Está claro que Dios no hace distinciones
Durante los domingos anteriores, Jesús ha persuadido a sus amigos de que él había muerto y resucitado. Les aseguró que no era un fantasma, que tenía carne y huesos. Les mostró sus llagas, comió con ellos. Poco a poco los apóstoles fueron creyendo, fiándose de Jesús y confiándose a él, y se alegraban de verle. No les resultó fácil creerle resucitado. Tomás, el mellizo, se arriesgó a verificar si era verdad o no que había resucitado; finalmente tocó a Jesús y exclamó dócilmente:“Señor mío y Dios mío”.

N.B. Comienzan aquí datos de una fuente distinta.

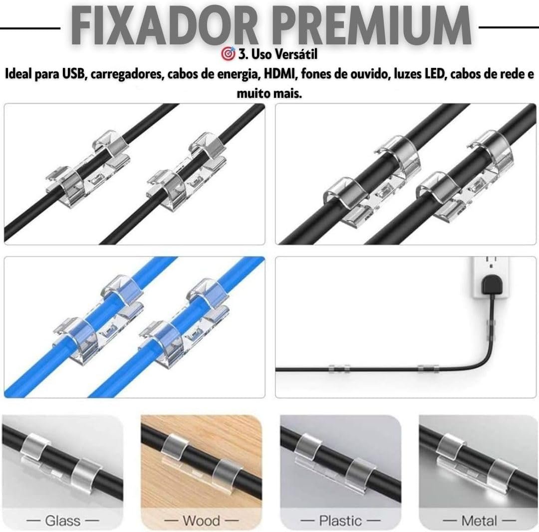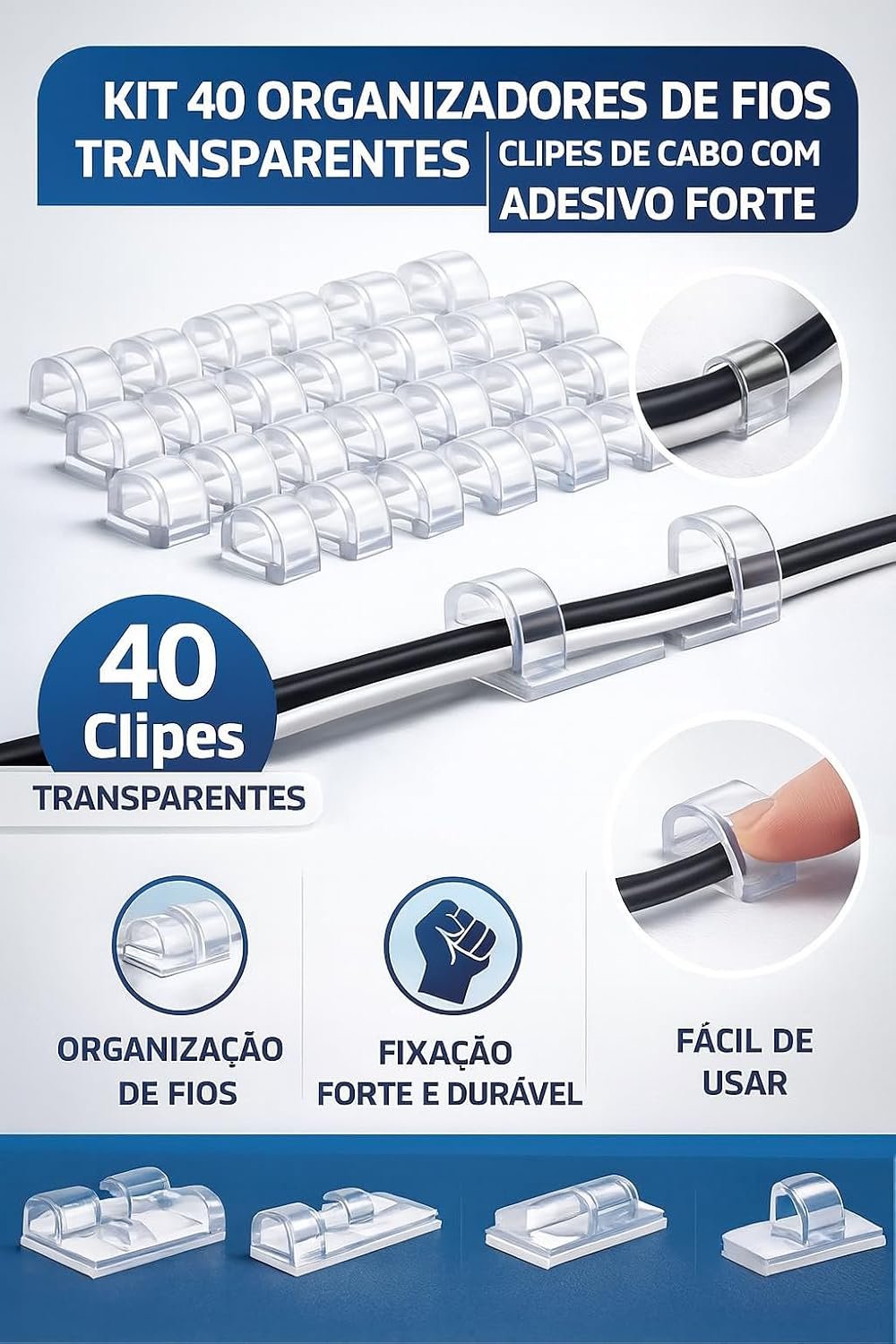 Kit 40 Organizadores de Fios Transparentes – Clipes de Cabo com Adesivo Forte, Suporte de Arame Autoadesivo para Carro, Casa e Escritório – Fixação Resistente para CabosKit 40 Organizadores de Fios Transparentes – Clipes de Cabo com Adesivo Forte, Suporte de Arame Autoadesivo para Carro, Casa e Escritório – Fixação Resistente para Cabos

Hoy, la primera lectura nos cuenta un enojoso “problema pastoral” de la Iglesia primitiva. Pedro, el primer Papa, debía resolverlo. Cornelio, un pagano, ciudadano romano, capitán del batallón destacado en Cesarea, hombre de oración y caritativo, se sentía seducido por el Resucitado; deseaba bautizarse e ingresar en la comunidad de los cristianos. ¿Era esto posible? Pedro dijo: ¿“Puede alguien impedir que se bauticen con agua los que han recibido el Espíritu santo igual que nosotros?”. Finalmente, movidos por el Espíritu, bautizaron a Cornelio. Más tarde, Pedro, debió informar de su decisión en Jerusalén. Y allí dijo: “Si Dios les concedió el mismo don que a nosotros, por haber creído en el Señor Jesucristo, ¿quién era yo para estorbar a Dios? (Hch 11, 17).
La decisión de Pedro, animada por el Espíritu de Pentecostés, inaugura una Iglesia pascual, abierta; una Iglesia en salida, un pueblo para todos, como le gusta decir al Papa Francisco.
Fr. Luis Carlos Bernal Llorente O.P.